Dalle voci che circolavano sul conto del Superiore, trassero alimento dubbi e sospetti. Non giovò a dissiparli neppure il fatto che egli decidesse di allontanarsi per un po’ di tempo. Infatti una volta ritornato, circa un mese dopo, in compagnia del nipote Padre Quinto Damiani, fu prelevato nel convento e ucciso poco distante da appartenenti al gruppo di Piobbico, la cui identità fu poi accertata in sede processuale: «Nel pomeriggio del 9 maggio, verso le tre, Sigismondo era intento a ripulire alcune botti in compagnia di Quinto quando fu avvertito che tre sconosciuti desideravano parlargli.
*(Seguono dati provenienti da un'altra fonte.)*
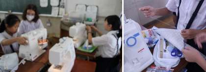 みんなで揃って林間学習に持っていくぞ!と、ミシンと格闘しながら頑張っています。
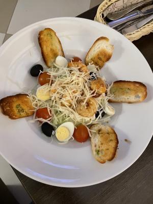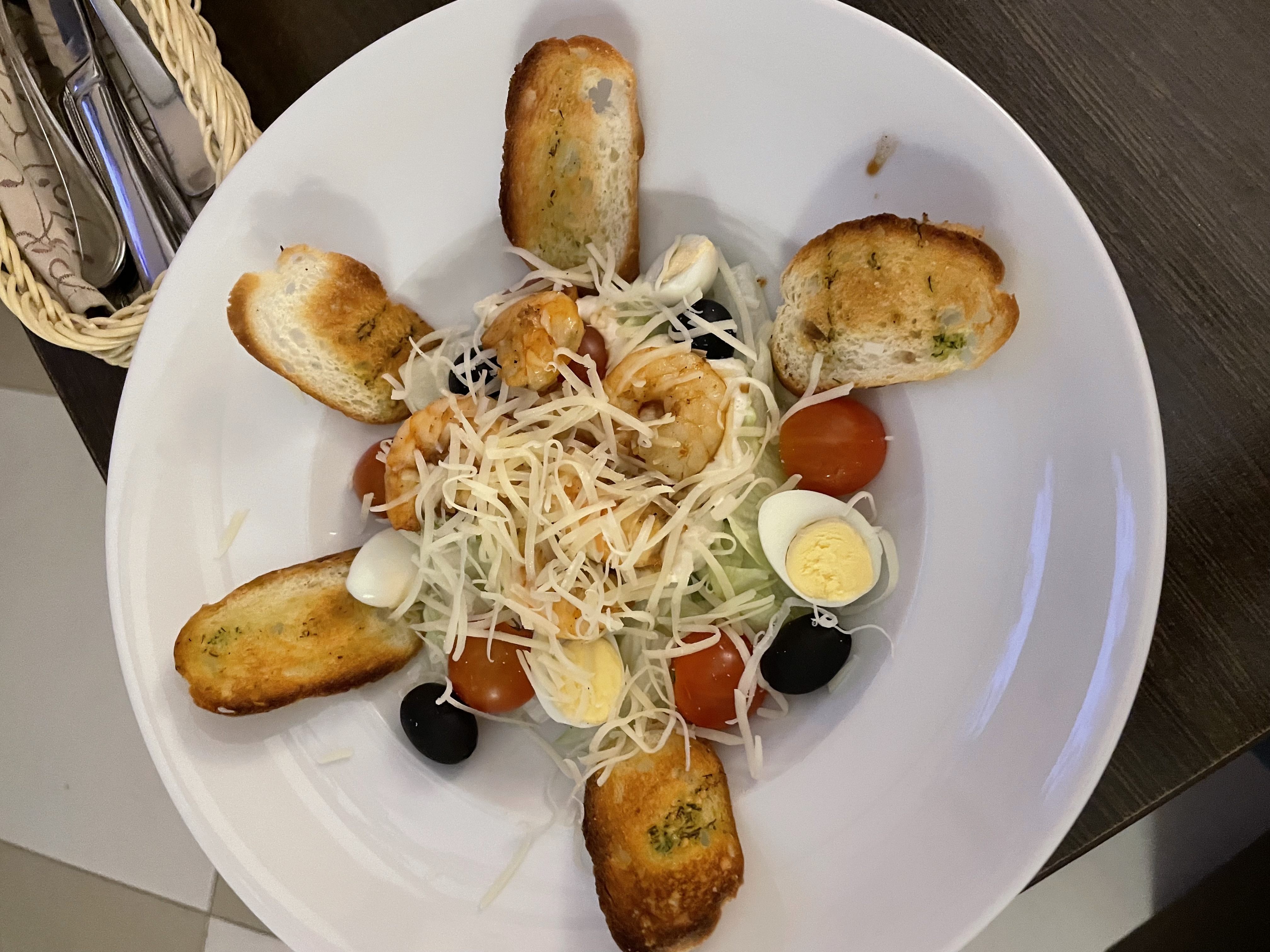 Состав: креветки тигровые, листья салата, черри, яйцо перепелиное, пармезан, маслины, гренки, соус цезарь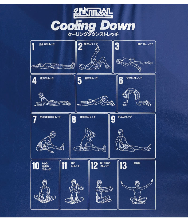 ウォーミングアップ・クールダウンのストレッチのイラストがカバーにプリントされています。

Nel frattempo erano riusciti ad entrare nel convento e lo trovarono lungo il sentiero dell’orto che conduce alla porta del convento. Lì lo uccisero con qualche colpo di pistola. Quinto lo trovò boccheggiante in terra e udì le sue ultime parole. Mio Dio, Mio Dio. Sparsasi la voce della sua morte accorsero alcuni padri dal vicino convento di Colfano; la salma fu tumolata nel cimitero parrocchiale. Successivamente nel dopoguerra fu trasferita nel suo convento all’interno della chiesa» (Pagnani, 1962 p.131 e segg).

Nel dopoguerra, dopo un frettoloso processo, i sospettati del crimine furono assolti per insufficienza di prove, ma la causa fu ripresa in sede di Appello l’11 marzo 1954. Le nuove testimonianze raccolte permisero di accertare la responsabilità di due degli imputati: Lucas Popovich, uno slavo cui sembra che i fascisti avessero ucciso i parenti in patria e il sardo Luigi Cuccui, evaso dalle carceri di Ancona. Dalle testimonianze rilasciate da vari partigiani, tutti i sospetti su padre Damiani parvero infondati, piuttosto venne sottolineata la sua collaborazione, prestata in varie occasioni, alla Resistenza.

Bibliografia
AA.VV., Tolentino e la resistenza nel Maceratese, Accademia Filelfica, Tolentino 1964.
R. Giacomini, Ribelli e partigiani. La Resistenza nelle Marche 1943-1944, Affinità elettive, Ancona 2008.
G. Pagnani, San Liberato e il suo convento. Con ampi cenni sui rapporti tra i Comuni di S. Ginesio e Sarnano e il movimento degli spirituali nelle Marche, edizioni Biblioteca Francescana, Falconara M.ma, 1962, (p.129-133).